Mon-YYYY and YYYY are alternate formats to use when date information is less complete.
- Country
(geo_loc_name) - Where the sequence's organism was
located. May be a country, an ocean or major sea. Additional region or locality
information must be after the country, ocean, or major sea name and separated by a ':'. For
example: USA: Riverview Park, Ripkentown, MD
- Cultivar - Cultivated variety of plant from which sequence was obtained.
- Culture_collection - Institution code and identifier for the culture from which the nucleotide sequence was obtained, with optional collection code.
This should be provided using the following format
'institution-code:collection-code:culture-id'. culture-id and institution-code are mandatory.
This qualifier should be used to annotate live microbial and viral cultures, and cell lines that have been deposited in curated culture collections.
- Dev_stage - Developmental stage of organism.
- Ecotype - The named ecotype (population adapted to a local habitat) from which sequence was obtained (customarily applied to populations of Arabidopsis thaliana).
- Forma - deprecated - do not
use.
- Forma_specialis - deprecated
- do not use.
- Fwd_primer_name - name of forward PCR primer
- Fwd_primer_seq - nucleotide sequence of forward PCR primer
- Genotype - Genotype of the organism.
- Haplogroup - Name for a group of similar haplotypes that share some sequence variation
- Haplotype - Haplotype of the organism.
- Host - When the sequence submission is from an organism that exists in a symbiotic, parasitic, or other special relationship with some second organism, the 'host' modifier can be used to identify the name of the host species.
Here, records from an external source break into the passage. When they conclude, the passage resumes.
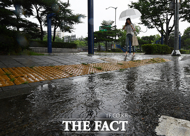 [더팩트ㅣ이동률 기자] 전국에 장맛비가 내리는 29일 오전 서울 마포구 디지털미디어시티역 인근의 시민들이 우산을 쓰고 발걸음을 재촉하고 있다.
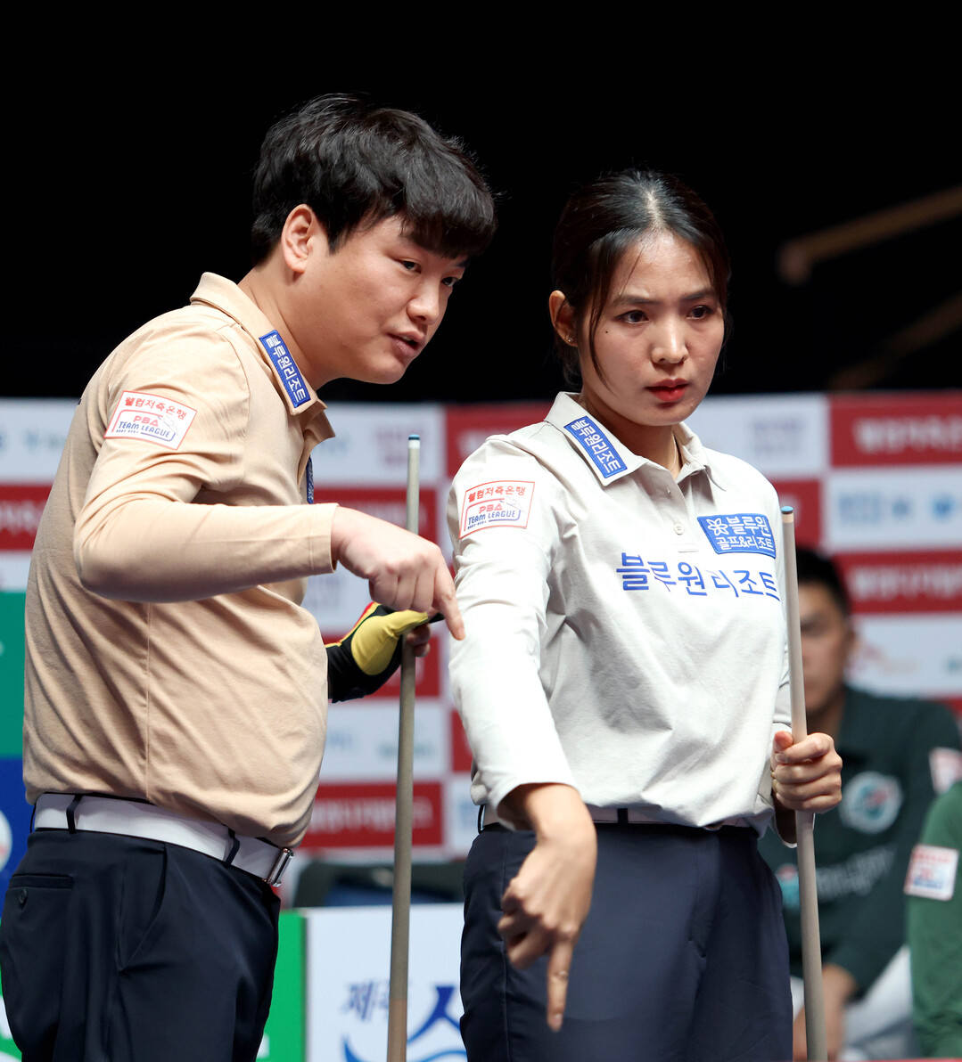 이날 블루원은 경기 4세트까지 2:2로 팽팽하게 맞섰다. 첫 세트 다비드 사파타(스페인)-엄상필이 ‘베트남듀오’ 응우옌프엉린-응우옌득안찌엔을 상대로 11:9(5이닝) 기분 좋은 승리를 따냈으나 2,3세트서 서한솔-김민영과 잔 차파크(튀르키예)가 나란히 용현지-이미래, 륏피 체네트(튀르키예)에 패하며 리드를 빼앗겼다.
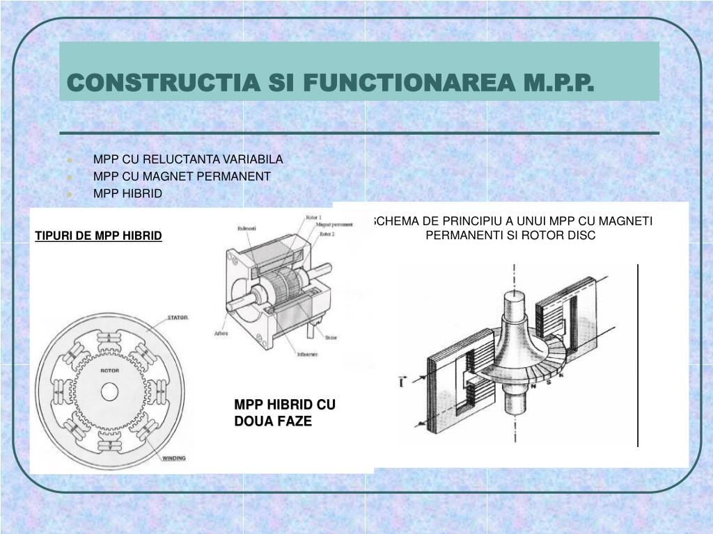 CONSTRUCTIA SI FUNCTIONAREA M.P.P. • MPP CU RELUCTANTA VARIABILA • MPP CU MAGNET PERMANENT • MPP HIBRID
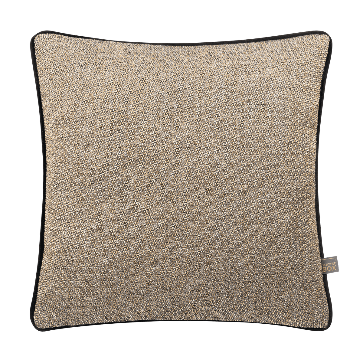 Our Demi Gold/Black cushion is made from textural jacquard fabric. The piped edges adds to the well-crafted appeal and makes it a perfect addition to any contemporary or modern interior.

- Identified_by - deprecated -
do not use.
- Isolate - Identification or description of the specific individual from which this sequence was obtained.
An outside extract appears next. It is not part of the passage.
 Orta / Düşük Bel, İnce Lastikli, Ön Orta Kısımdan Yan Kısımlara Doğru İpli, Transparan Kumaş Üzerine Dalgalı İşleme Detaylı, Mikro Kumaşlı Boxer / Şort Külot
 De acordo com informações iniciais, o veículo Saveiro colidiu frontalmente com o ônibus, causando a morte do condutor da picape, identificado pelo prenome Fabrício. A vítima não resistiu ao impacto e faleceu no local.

- Isolation source - Describes the local geographical source of the organism from which the sequence was obtained.
- Lab_host - Laboratory host used to propagate the organism from which the sequence was obtained.
- Lat_Lon - Latitude and longitude, in decimal degrees, of where the sample was collected.
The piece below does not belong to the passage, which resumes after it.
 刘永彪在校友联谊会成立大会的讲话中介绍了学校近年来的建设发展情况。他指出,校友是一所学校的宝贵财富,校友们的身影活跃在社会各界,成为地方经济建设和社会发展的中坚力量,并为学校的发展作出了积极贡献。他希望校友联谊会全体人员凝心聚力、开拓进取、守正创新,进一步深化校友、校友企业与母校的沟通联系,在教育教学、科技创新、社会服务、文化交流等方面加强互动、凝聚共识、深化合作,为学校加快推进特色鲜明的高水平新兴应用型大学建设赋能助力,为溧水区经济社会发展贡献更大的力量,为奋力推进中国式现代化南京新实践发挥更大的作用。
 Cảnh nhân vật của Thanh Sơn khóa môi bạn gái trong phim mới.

- Note - Any additional information that you wish to provide about the sequence.
- Pathovar - deprecated - do
not use.
- Pop_variant - deprecated -
do not use.
- Rev_primer_name - name of reverse PCR primer
- Rev_primer_seq - nucleotide sequence of reverse PCR primer
- Segment - name of viral or phage segment sequenced
- Serogroup - deprecated - do
not use.
- Serotype - serological variety of a species
characterized by its antigenic properties.
- Serovar - serological variety of a species (usually a prokaryote) characterized by its antigenic properties.
- Sex - Sex of the organism from which the sequence was obtained.
- Specimen_voucher - An identifier of the individual or collection of the source organism and the place where it is currently stored, usually an institution.
This should be provided using the following format
'institution-code:collection-code:specimen-id'. specimen-id is mandatory,
collection-code is optional; institution-code is mandatory when collection-code
is provided. Examples:
- 99-SRNP
- UAM:Mamm:52179
- personal collection:Joe Smith:99-SRNP
- AMCC:101706
- Strain - Strain of organism from which sequence was obtained.
- Sub_species - Subspecies of organism from which sequence was obtained.
- Subclone - deprecated - do
not use.
- Subtype - deprecated - do
not use.
- Substrain - deprecated - do
not use.
- Tissue_lib - Tissue library from which the sequence was obtained.
- Tissue_type - Type of tissue from which sequence was obtained.
- Type - deprecated - do not
use.
- Variety - Variety of organism from which sequence was obtained.